預言者は、ユダにのみ語りかけているのではない。全世界を神の前(法廷)に呼び出している。それは、神が全世界の創造者であり、全世界は神の被造物だからである。

近年、グローバルという言葉がもてはやされている。結構なことであるが、実情はお題目にしているにすぎない。国連のような場で、どの国も自国の権益擁護に汲々としている。グローバルとは、全世界的な視野で物事を見ることではないか。それは預言者にだけ可能なのか。

「だれが、ひとりの者を東から起こし」

これは、ユダをバビロン捕囚から解放したペルシャのクロス王のことである(Ⅱ歴代誌36:22-23)歴史的には、一人の王がペルシャに起こり、破竹の勢いで進軍した様を「まだ歩いて行ったことのない道を安全に通っていく」と表現した。クロス王は、神の深き導きのもとでユダに厚意を示した。主がその心に触れるなら…誰も予期できない事が起こるのである。このようにして、ペルシャの出現はバビロンに終焉をもたらせ、ユダに解放を与えることになる。

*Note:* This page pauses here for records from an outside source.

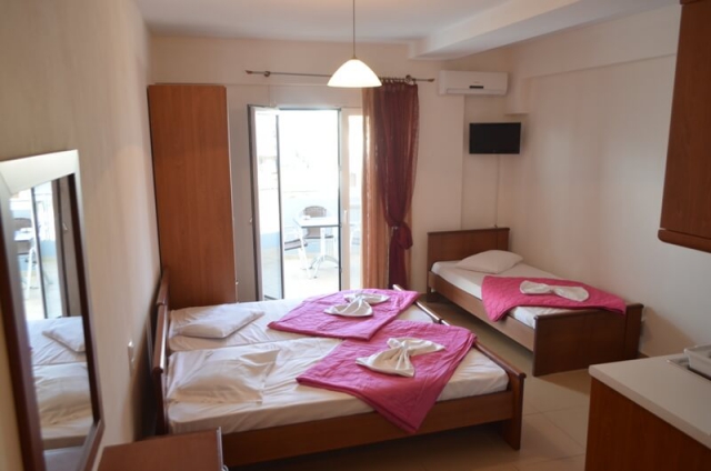 Vila Adonis se nalazi na 280 metara od plaže, 100 metara od parka i vile Mara, kao i 350 metara od crkve. Novoizgrađena vila, moderno opremljena. Sve smeštajne jedinice se nalaze na prvom spratu. U ponudi imamo dvokrevetne, trokrevetne, četvorokrevetne studije i četvorokrevetne apartmane, koji su opremljeni sa standardnim singl krevetima. U svim sobama ima kompletno opremljena kuhinja (frižider, mini električni šporet, posuđe), kupatilo, klima koja je uračunata u cenu, LED TV sa USB ulazom, WiFi (slabijeg protoka). Svi studiji gledaju ka ulici, osim apartmana koji gledaju ka dvorištu vile. U apartmanima ima dva klima uređaja i jedan TV. Svaki studio i apartman ima sopstvenu terasu sa garniturom za sedenje i svi se nalaze na prvom spratu vile. Kod apartmana iz obe sobe se izlazi na terasu, u jednoj sobi je francuski ležaj,a u drugoj se nalaze dva standardna singl kreveta. Deca do 6 godina starosti mogu deliti krevet sa dve punoplative osobe. Čišćenje apartmana i promena posteljine je na dan smene, dok peškira nema.
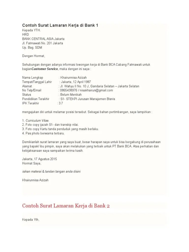 Contoh Surat Lamaran Kerja Di Bank Bca : Contoh Surat Lamaran Kerja Satpam Bank Bri Contoh Surat - Tidak hanya untuk lulusan kuliah perbankan, namun .
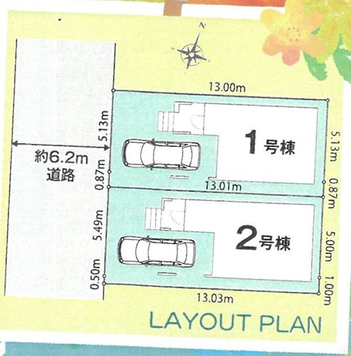 | 接道状況 | 西側6.2m公道 | 延床面積 | 108.06㎡・110.54㎡ |
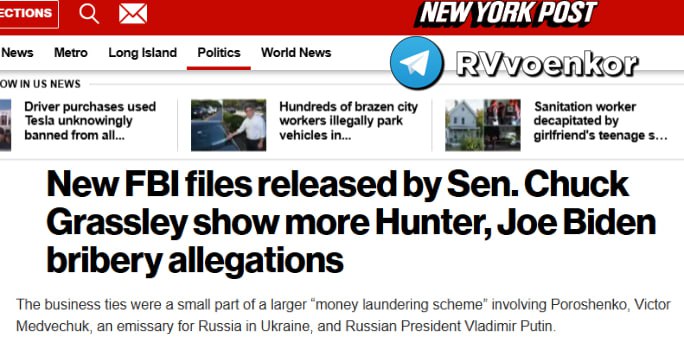 New York Post опубликовал рассекреченные ФБР материалы, переданные сенатором Чаком Грассли. Согласно документам, в 2016–2019 гг. президент Украины Порошенко и близкий к Кремлю политик Виктор Медведчук участвовали в масштабной коррупционной схеме.
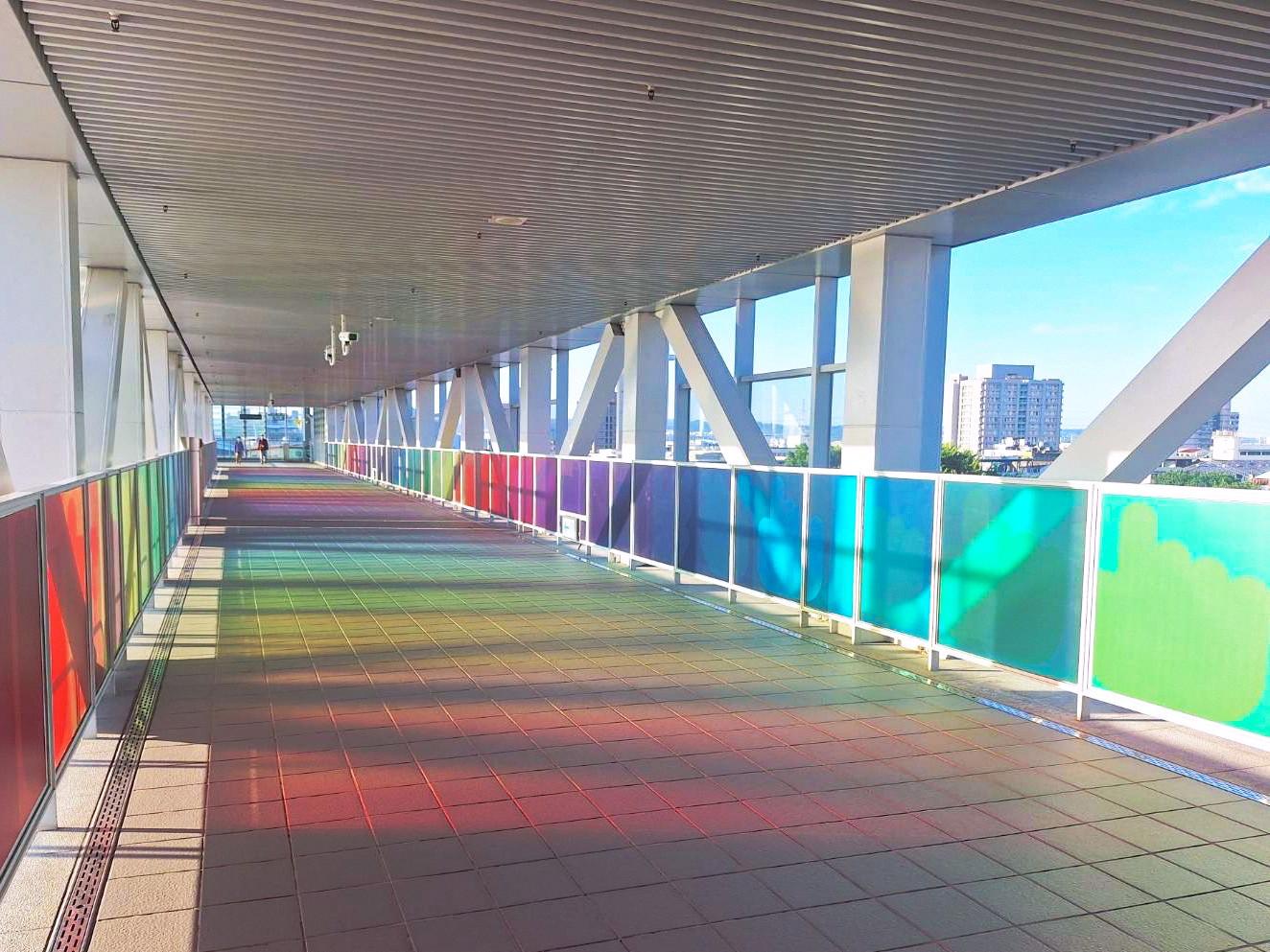 台中捷運烏日站跨站天橋近日換上全新風貌!兩側牆面以代表18個車站的主題色打造視覺廊道,在陽光照射下,絢爛色彩投映在橋上,旅客行進間更會驚喜發現色彩隨步伐變換,有如「行走在彩虹上」。中捷公司表示,這項設計是「公共藝術深耕計畫」的重要成果,將原本單純的通道變成充滿律動與光彩的「流動色彩軸線」,讓旅客移動間自然走進公共藝術,享受沉浸式的體驗。

ここで、預言者が意図しているのは「だれが」と問いかけ「わたしがそれだ(アニー・フー)」と、主なる神を提示することではないだろうか。読者は、神の外に「わたしがそれだ」と言える方がおられない事を心に留めよ。

私たちは、神が歴史の支配者(演出家)であることを時として忘れて慌てふためく。しかし、主こそ「初めであり、終わりである」(44:6, 黙示録1:8,17,21:6,22:13)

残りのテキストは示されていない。